The road to hell is paved with good intentions… and lined with trees of ignorance. There’s no other way to explain the annual display of barminess that accompanies Rakshabandhan by one enlightened group or another
Last year, the government of Daman & Diu instructed its female employees to produce some sweet brotherly love for male colleagues, on demand. Why, one might understandably wonder? It was in the spirit of fostering ‘brotherhood’ among staffers. Withering disapproval from employees, acerbic comments from the media, and eye-rolls from the rest of the country forced the powers-that-be to hastily withdraw the odd circular within 24 hours. If nothing else, this peculiar attempt at enforced sibling-hood debacle should have been a lesson in don’t-try-to-fuck-with-our-few-midweek-holidays-especially-if-it-messes-with-our-long-weekend-plans for the government. Bhaichaara toh theek hai, but the sanctity of long weekends is inviolable.
This year, the Chilkur Balaji Temple in Hyderabad has jumped into the fray to see if it can outdo the government in cobbling together a useless quick-fix to the plague of sexual harassment and assault that we’ve seen, yet again, the country to be in the thick of. The temple has invited/challenged young men to get a woman, any woman, to tie him a rakhi, following which he must accept her as a sister for life. Additionally, it was announced that on the day of the actual festival — August 26 — rakhis will be kept for women devotees to lace around the wrist of any man on the premises of the temple. It is like a breakfast buffet of brothers, so pile up the plates, ladies.
It’s like a Triwizard Tournament, and the eager temple is Religious Regiment’s chosen champion, competing for the top honours in absurdity, and trying to snatch the title from the tentacles of defending champions Gormless Gormint, while also beating the eminently enthusiastic Sanskaar Screwballs.
But we can’t really blame temples, the government, or the talented weavers of the country’s delicate moral fabric. It’s really not them, it’s us. We’re a country obsessed with forging entirely unwanted relationships.
As a not-so-young Indian woman who was, some years ago, married off to a Krishna idol in the hopes of dispelling the perplexing dosh-es obstinately hovering in my kundali and thwarting my extended family’s not insubstantial efforts to pack me off to the land of marital bliss — I can say this with some authority: we don’t throw money at problems, we throw relationships at them.
Forcing relationships where there exist none comes so naturally to us that it might as well be coded in our DNA. We’ve even immortalised it in our National Pledge (all Indians are my brothers and sisters). We call the holders of our highest offices — the president and the prime minister — Pranabda and Narendra Bhai, if we’re inclined to show our fondness of them. From the taxi driver to the plumber, the milkman, postman, watchman — basically every person in our universe that we women don’t instinctively consider copulation material — is, by default, relegated to some variation of the uncle-brother designation: bhaiya, kaka, chacha, paaji, dada… You get the drift.
Strangely enough, that doesn’t seem to be stopping any sexual predator from harassing, pawing, or raping the women they’ve decided to target.
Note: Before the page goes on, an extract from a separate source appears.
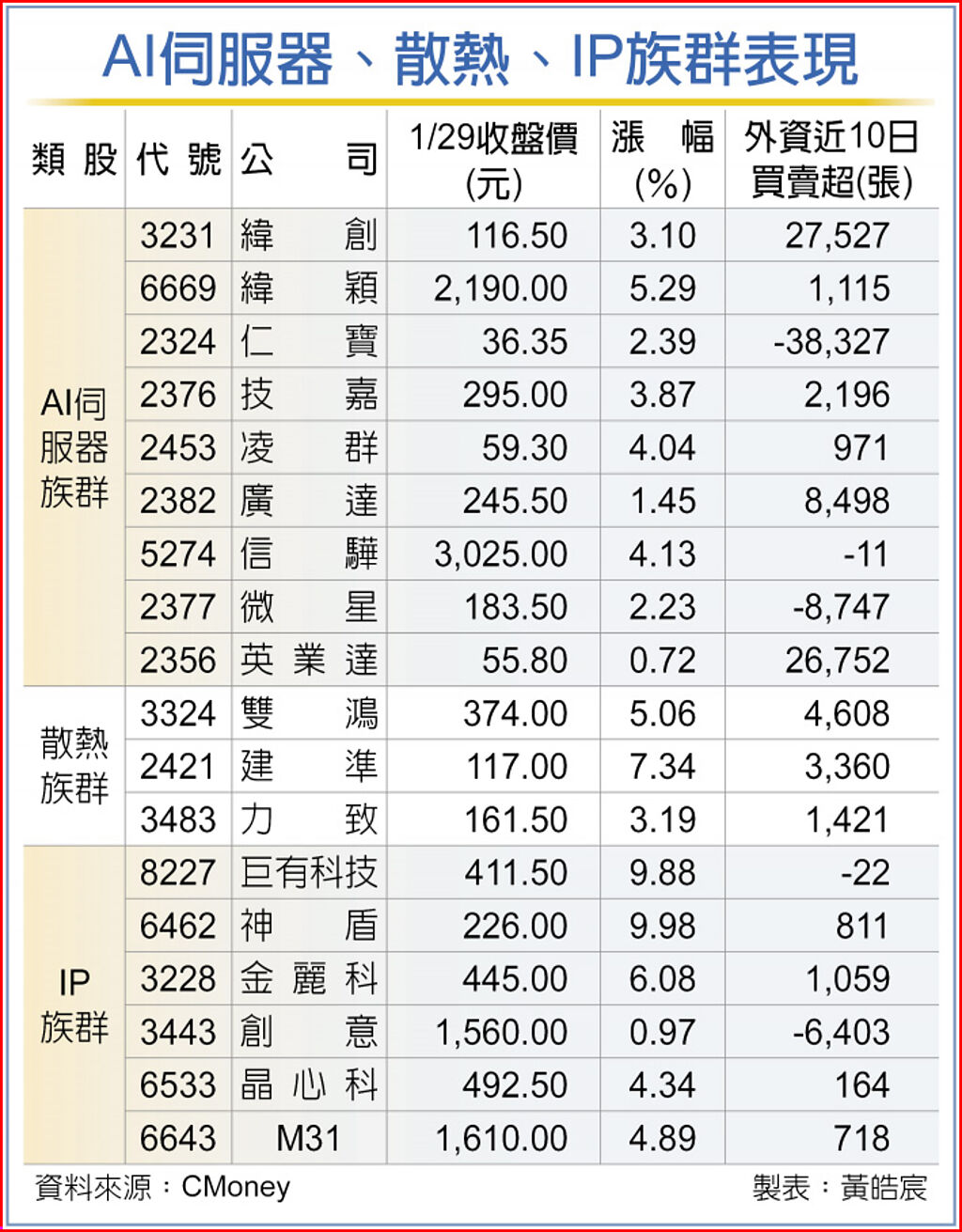 其中AI伺服器指標千金股緯穎,近期因中東供應鏈重啟,第一季表現可期,激勵股價開高走高往上衝漲5.29%,站上所有均線,股后信驊、淩群漲幅均超過4%,緯創、技嘉、仁寶、微星股價也上揚2~3%;另隨著國內外陸續推AI PC筆電、手機,發展都離不開散熱產品,散熱廠包括建準開高走高攻漲7.34%,雙鴻、力致也強漲5.06%及3.19%。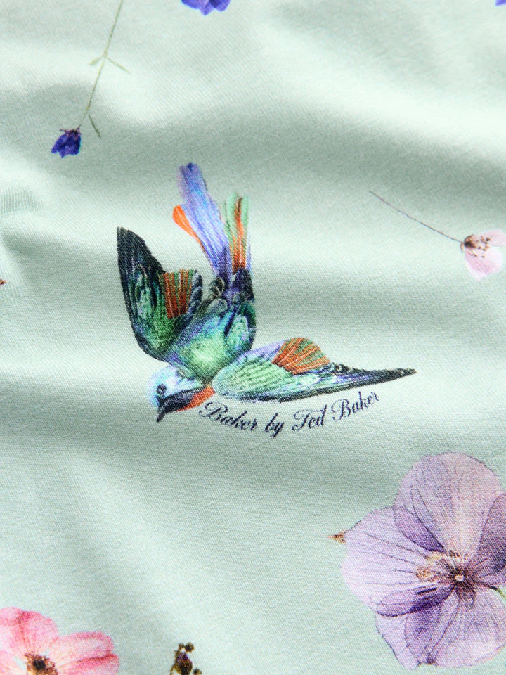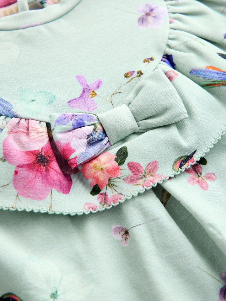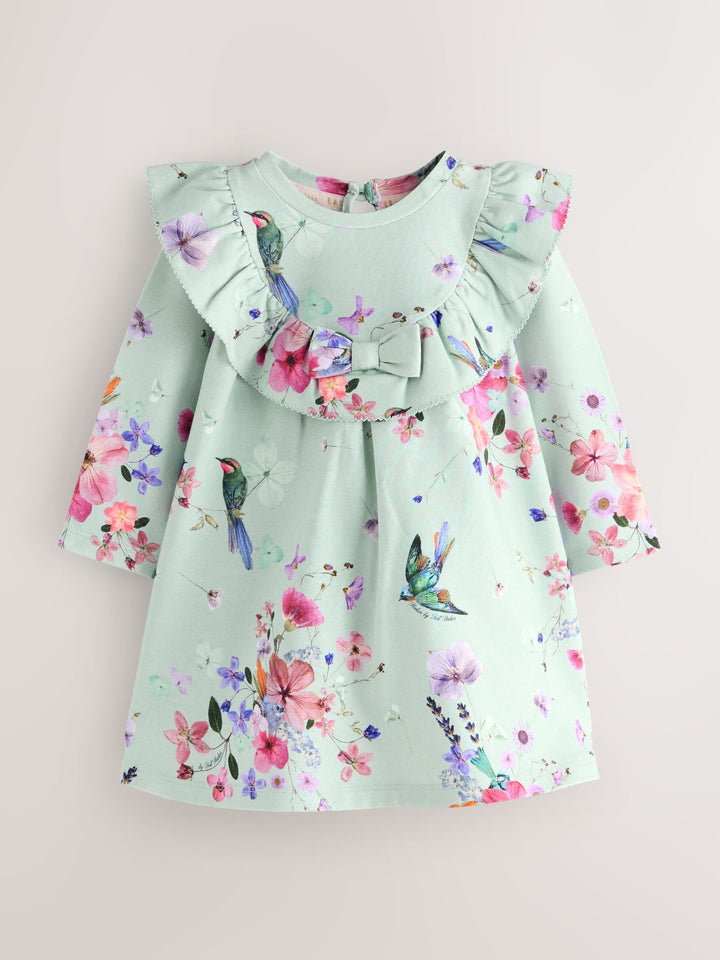 Dress her up in this adorable frill detail jersey dress from Baker by Ted Baker. This cute piece features all over floral design, with frilled details at the shoulders. For closure it has a keyhole opening at the back with a Baker branded button. Pair with our baby socks and padders to complete her outfit! 92% Cotton, 8% Elastane. Country of Origin: Bangladesh

So what are a few colourful threads tied on a man’s wrist by a random woman supposed to achieve, exactly? What secret magical oils are these geniuses concealing within these rakhis that their mere existence will prompt lecherous men to go from balatkari to brahmachari?
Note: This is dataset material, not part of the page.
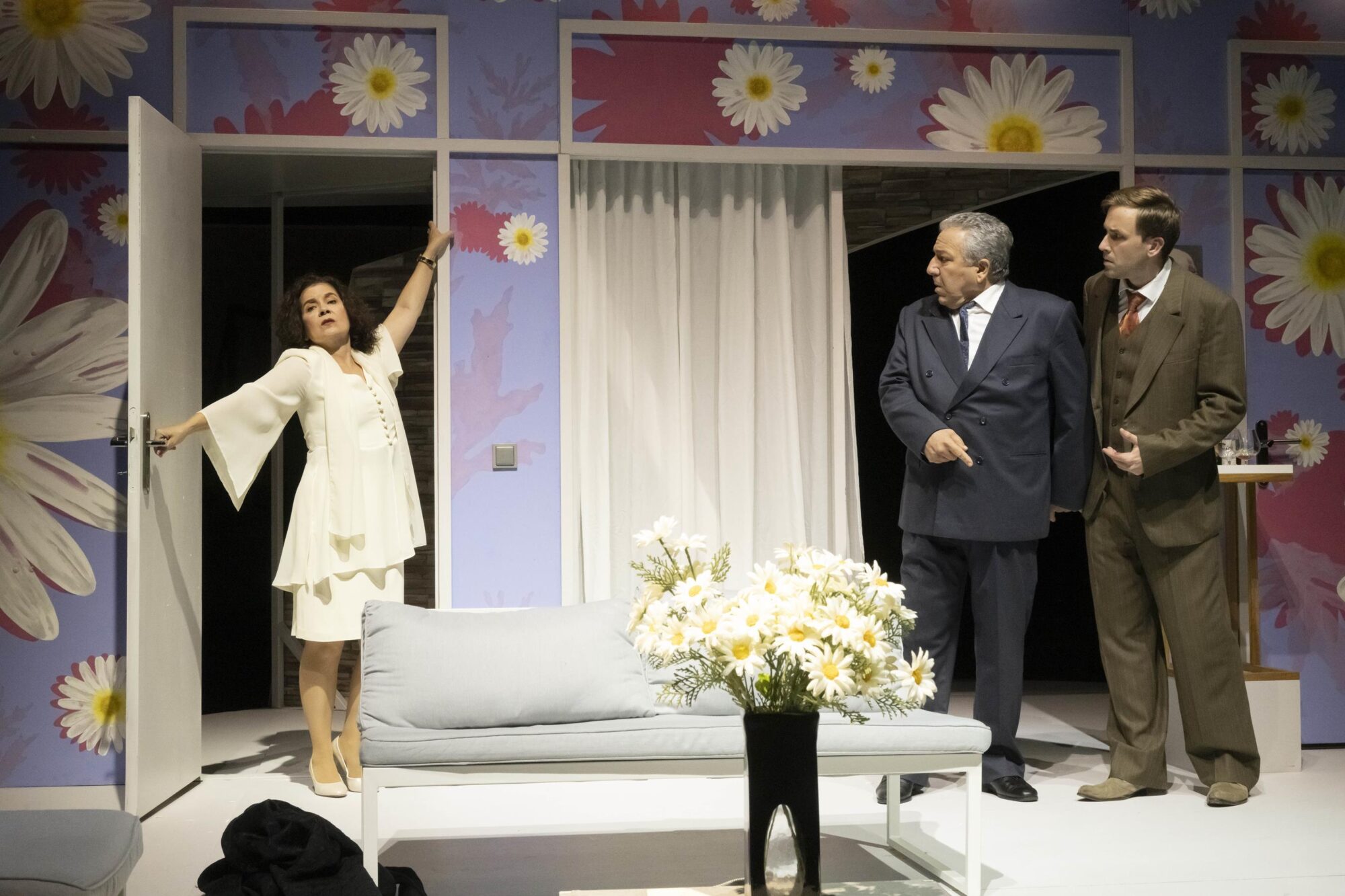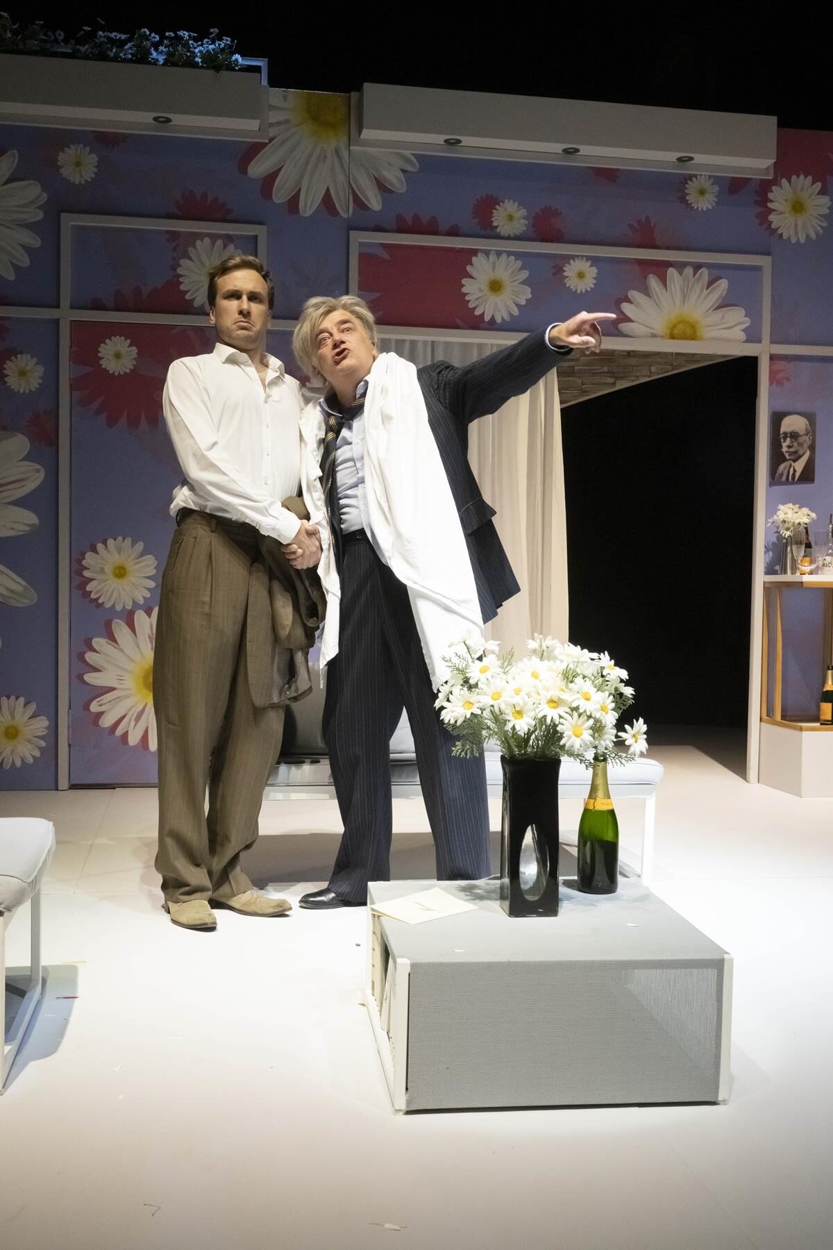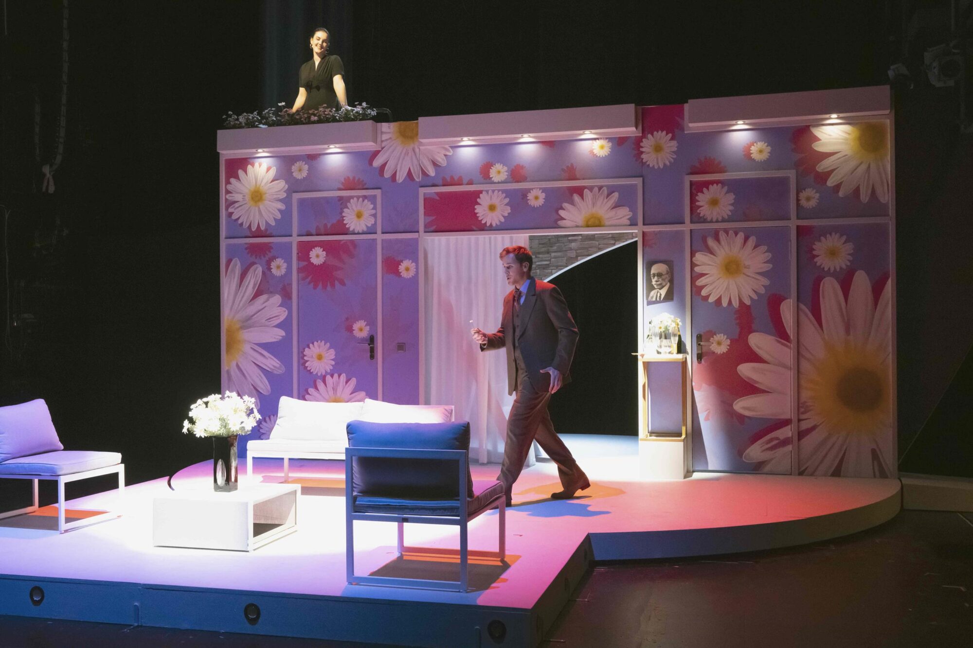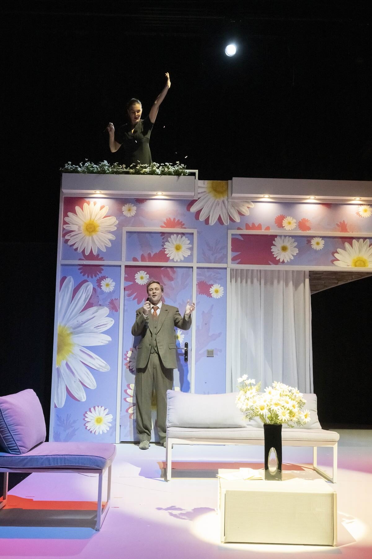 Christine Knoll sorgt mit geschmackvollen Kostümen und lichter Bühnenausstattung – zunächst im Hintergrund die Yacht Arabella, später eine Wand, übersät mit Margeriten (als Hommage an die „verwandelte“ Ehefrau), für eine sehr freundliche Optik.

Nothing. Rakhis are as effective at curbing sexual violence, as my hasty ‘wedding’ to my parents’ god was, in changing my unmarried status.
In a country where everything, from Chowmein to cell phones, meat to mannequins, and condoms to celestial bodies are repeatedly, and in all seriousness, are blamed for rape, it really shouldn’t come as a surprise to anyone that forcing a filial connection is the answer to a pretty straightforward question: How can we tackle the problem of sexual violence against women? By teaching men that women are human beings, not objects meant to absorb their rage, or a stage for their performance of power and domination.
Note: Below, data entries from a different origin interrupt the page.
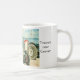 Eine weiße Tasse mit einem Traktorbild am Strand von East Runton, Nr Cromer, Norfolk, Großbritannien; von einem sanften pastellfarbenen Gemälde von Judy Adamson. Grußkarten, Drucke und Poster sind ebenfalls erhältlich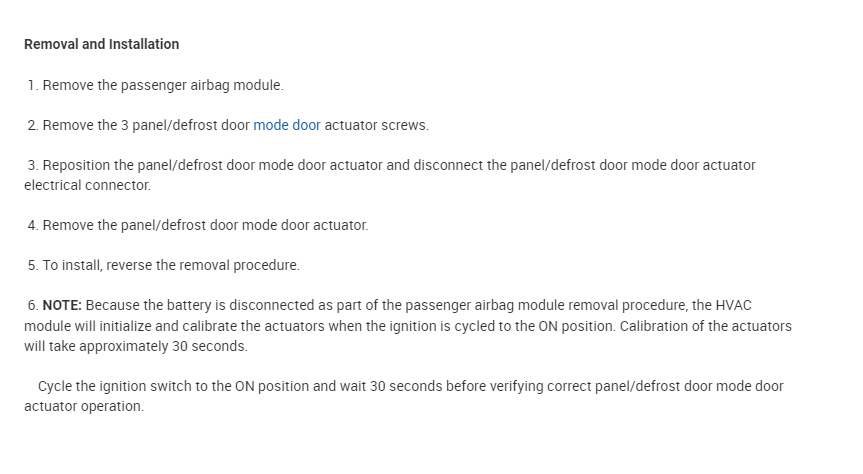 On your vehicle there are two mode door actuators. One for the floor and other for the panel/defrost.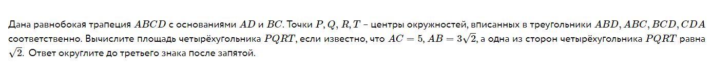Дана равнобокая трапеция ABCD с основаниями AD и BC. Точки P, Q, R, T – центры окружностей, вписанных в треугольники ABD, ABC, BCD, CDA соответственно.

Perhaps, if powerful religious and governmental institutions diverted their funds from hare-brained schemes like rakhi-tying, and used them to run sensitisation programmes for men instead, we’d actually see the needle move a few inches on this gargantuan problems.
If there’s still any doubt that throwing relationships at people to shame them into virtuousness doesn’t work, let’s take a moment to remember that our most famous local porn character is Savita Bhabhi. Bhabhi, as in brother’s wife. As in the woman who is supposedly the mother/sister equivalent for a man.
Case closed. Now let’s go back to watching Game of Thrones and dissecting Cersei and Jaime’s relationship with morbid fascination.